Texas Commerce Bank-El Paso, National Ass'n v. Marsh Media of El Paso (In re Carolin Paxson Advertising, Inc.)

938 F.2d 595, 1991 U.S. App. LEXIS 18200
CourtCourt of Appeals for the Fifth Circuit
DecidedAugust 13, 1991
DocketNo. 90-8675
StatusPublished
Cited by12 cases

This text of 938 F.2d 595 (Texas Commerce Bank-El Paso, National Ass'n v. Marsh Media of El Paso (In re Carolin Paxson Advertising, Inc.)) is published on Counsel Stack Legal Research, covering Court of Appeals for the Fifth Circuit primary law. Counsel Stack provides free access to over 12 million legal documents including statutes, case law, regulations, and constitutions.

Bluebook
Texas Commerce Bank-El Paso, National Ass'n v. Marsh Media of El Paso (In re Carolin Paxson Advertising, Inc.), 938 F.2d 595, 1991 U.S. App. LEXIS 18200 (5th Cir. 1991).

Opinion

EDITH H. JONES, Circuit Judge:

The issue in this case is whether the bankruptcy court properly imposed a constructive trust on certain assets held by a Chapter 7 debtor. Finding that Appellees [597]*597were not entitled to this equitable remedy, we reverse and remand.

I.

Carolin Paxson Advertising, Inc. (“Pax-son”) was an advertising agency in El Paso, Texas for approximately fifteen years. Paxson served its clients primarily by purchasing air-time on their behalf from various local television and radio stations, including Marsh Media of El Paso d/b/a KVIA-TV and KINT-TV Channel 26 (the “Stations”). In payment for its services, Paxson received commissions from its advertisers.

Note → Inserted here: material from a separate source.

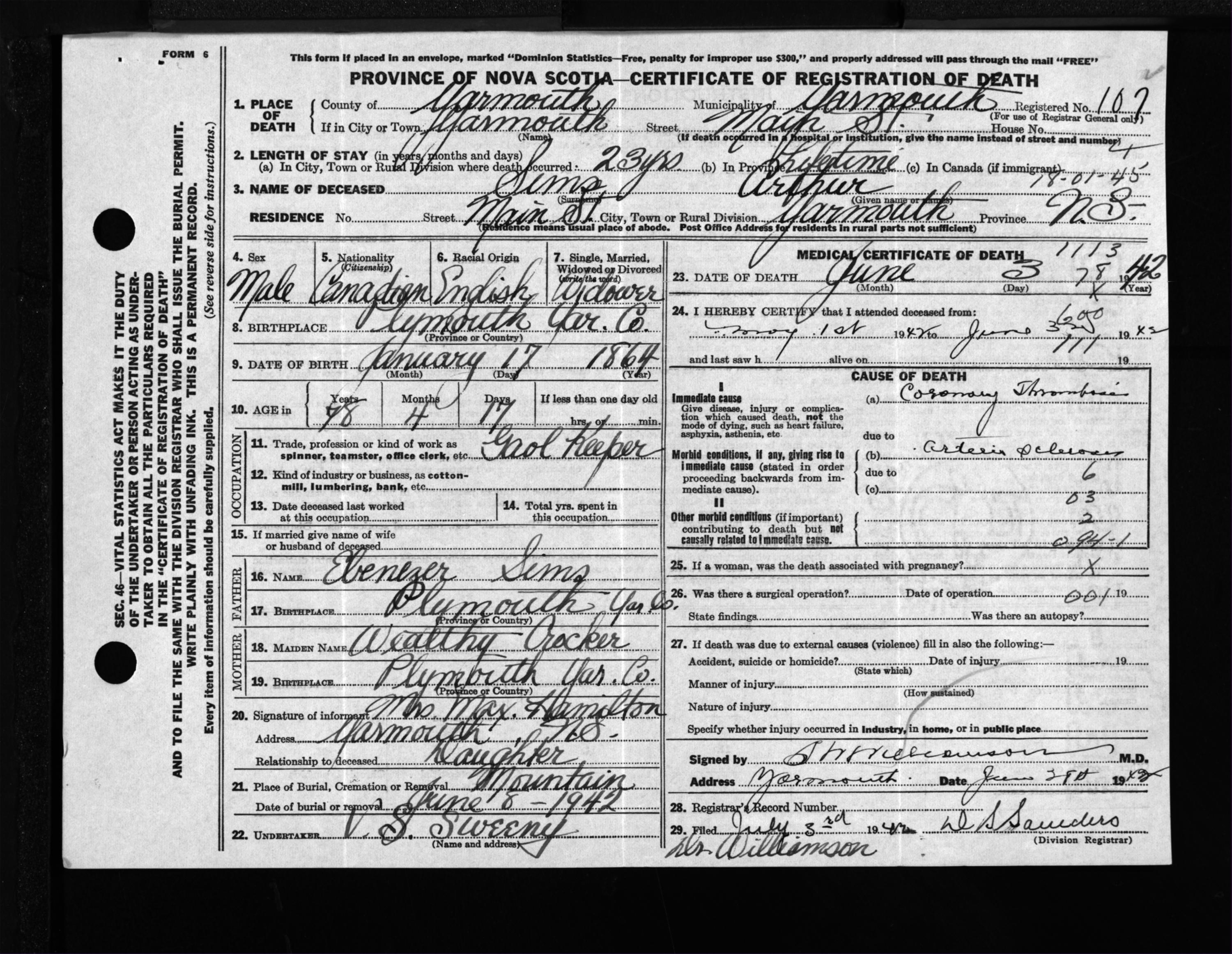 Male Death Registration: Year: 1942 file: 209 number: 107
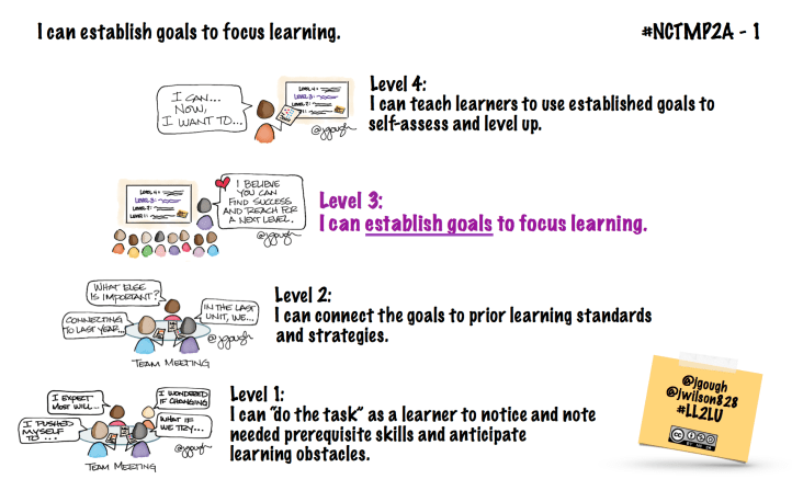 The 5th Grade team drafted the following learning progressions to make their thinking visible to our new students. As a team, they have established these goals for students. (Level 3 for I can establish goals.)

Each purchase of broadcast time from KVIA and KINT was confirmed by a “Broadcast Order” prepared by Paxson, which purported to relieve Paxson of liability for broadcast time purchased for its clients. After KVIA or KINT provided advertising time, they sent invoices to Pax-son. Paxson would then bill the advertiser, and the advertiser would send a check to Paxson to cover Paxson’s commission and the cost of air-time. Paxson would then pay the Stations for air-time.

Paxson sought relief under Chapter 7 of the Bankruptcy Code in January 1989. Two years earlier, Texas Commerce Bank — El Paso, N.A. (“TCB”) had loaned money to Paxson in exchange for a security interest in Paxson’s accounts receivable, which TCB subsequently perfected. In response to Paxson’s Chapter 7 filing, TCB sought relief from the automatic bankruptcy stay to foreclose on its security interest in the collateral. KVIA asserted that pursuant to the Broadcast Orders the money owed to Paxson by the advertisers for airtime was not subject to TCB’s security interest because it was not the property of Paxson’s estate. KINT-TV intervened and joined KVIA’s complaint. Following trial on the merits, the Bankruptcy Court imposed a constructive trust in favor of KVIA and KINT on the funds owed by the advertisers.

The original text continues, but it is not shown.